__Supplied material__.
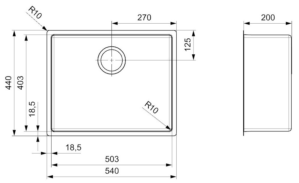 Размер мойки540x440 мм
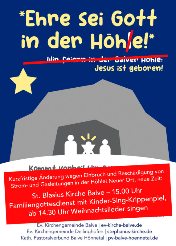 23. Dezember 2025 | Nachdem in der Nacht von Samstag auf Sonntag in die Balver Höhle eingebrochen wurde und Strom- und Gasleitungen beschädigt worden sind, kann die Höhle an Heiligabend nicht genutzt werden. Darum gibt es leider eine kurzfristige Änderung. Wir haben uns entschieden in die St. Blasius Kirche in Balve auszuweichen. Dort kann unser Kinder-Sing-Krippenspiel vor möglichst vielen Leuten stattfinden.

...

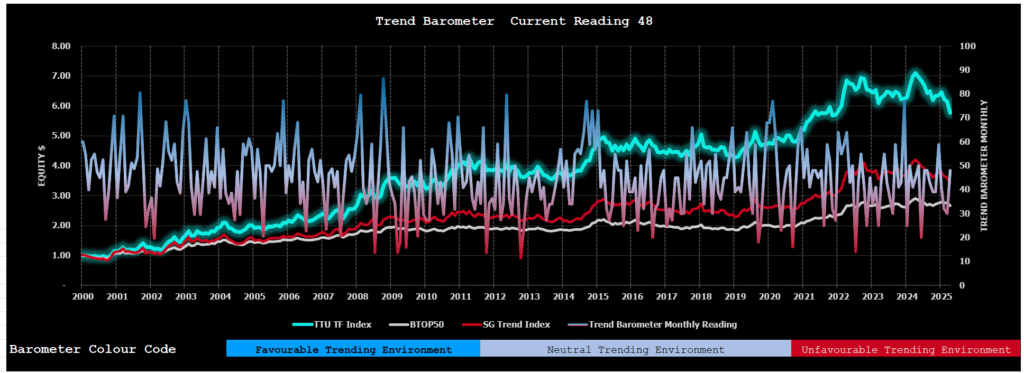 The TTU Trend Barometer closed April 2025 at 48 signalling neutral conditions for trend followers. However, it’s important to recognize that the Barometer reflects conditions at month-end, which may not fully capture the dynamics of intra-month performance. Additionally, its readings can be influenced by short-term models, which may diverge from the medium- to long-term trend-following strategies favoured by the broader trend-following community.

__Exercise directions__. In the entries above, every line from the line with "Размер мойки540x440 мм" to the line with "23. Dezember 2025" is to be printed exactly, with both ends included and pictures excluded.

__Solution for this task__.
 Размер мойки540x440 мм
 23. Dezember 2025 | Nachdem in der Nacht von Samstag auf Sonntag in die Balver Höhle eingebrochen wurde und Strom- und Gasleitungen beschädigt worden sind, kann die Höhle an Heiligabend nicht genutzt werden. Darum gibt es leider eine kurzfristige Änderung. Wir haben uns entschieden in die St. Blasius Kirche in Balve auszuweichen. Dort kann unser Kinder-Sing-Krippenspiel vor möglichst vielen Leuten stattfinden.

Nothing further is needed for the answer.